In contrast, a significant effect of DBP was reported on the full life cycle exposure regime. While the exposure to the three lowest concentrations (0.5, 1, 10 µg/L) resulted in less than 10% mortality at the end of the experiment, daphnids exposed to 280, 500 and 2000 µg/L showed significantly higher mortality compared to the control (72% at day 25; log rank tests; p > 0.05; Figure 3). Mortality displayed a non-monotonous dose-response relationship, with higher mortality at 280 and 500 µg/L (72% at the end of the experiment) than at 1000 µg/L (27%). Similar mortality dynamics were observed for exposure to 100, 280, 500 and 1000 µg/L with juvenile mortality (between days 4 and 7), followed by no mortality from day 9 onwards. Notably, exposure to 2000 µg/L resulted in a gradual increase in daphnid mortality from day 6 to day 19 of the experiment, reaching a mortality rate of 72%.

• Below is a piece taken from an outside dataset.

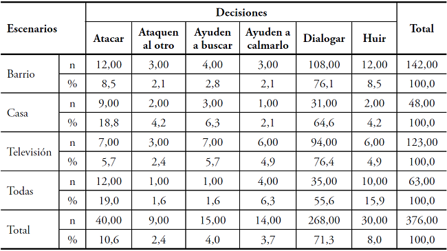 La mayor proporción de participantes frente a la opción de atacar por sí mismos se encontró en los participantes que reportan observar violencia en todos los escenarios (19%) seguidos de quienes la observan en la casa (18,8%). La decisión de dialogar, se encuentra con una mayor tendencia en los niños y niñas que afirman ver violencia en la televisión (76,4%), seguidos de quienes la observan en el barrio (76,1%), encontrándose una amplia diferencia entre quienes la ven en el hogar (64,6%) y quienes señalan todos los escenarios (55,6%). La decisión de huir se presentó más en quienes afirman ver la violencia en todos los escenarios (15,9%) y en el barrio (8,5%).

Figure 3 - Survival rate of D. magna exposed to DBP under full life cycle regime (n=11 for each concentration). *p ≤ 0.05 according to log-rank tests comparing each treatment to the control condition (p-value adjusted by a Bonferroni correction).

Effects of DBP on size

The effect of DBP on daphnid size is shown in Figure S3 for the adult exposure regime (size at days 0, 7, 13 and 25) and in Figure 4 for the full life cycle exposure regime (size at days 0, 2, 4, 7, 13 and 25). For both exposure regimes, under the control condition, daphnids grew from 0.82 - 0.89 mm (day 0) to 3.7 - 4 mm (day 25).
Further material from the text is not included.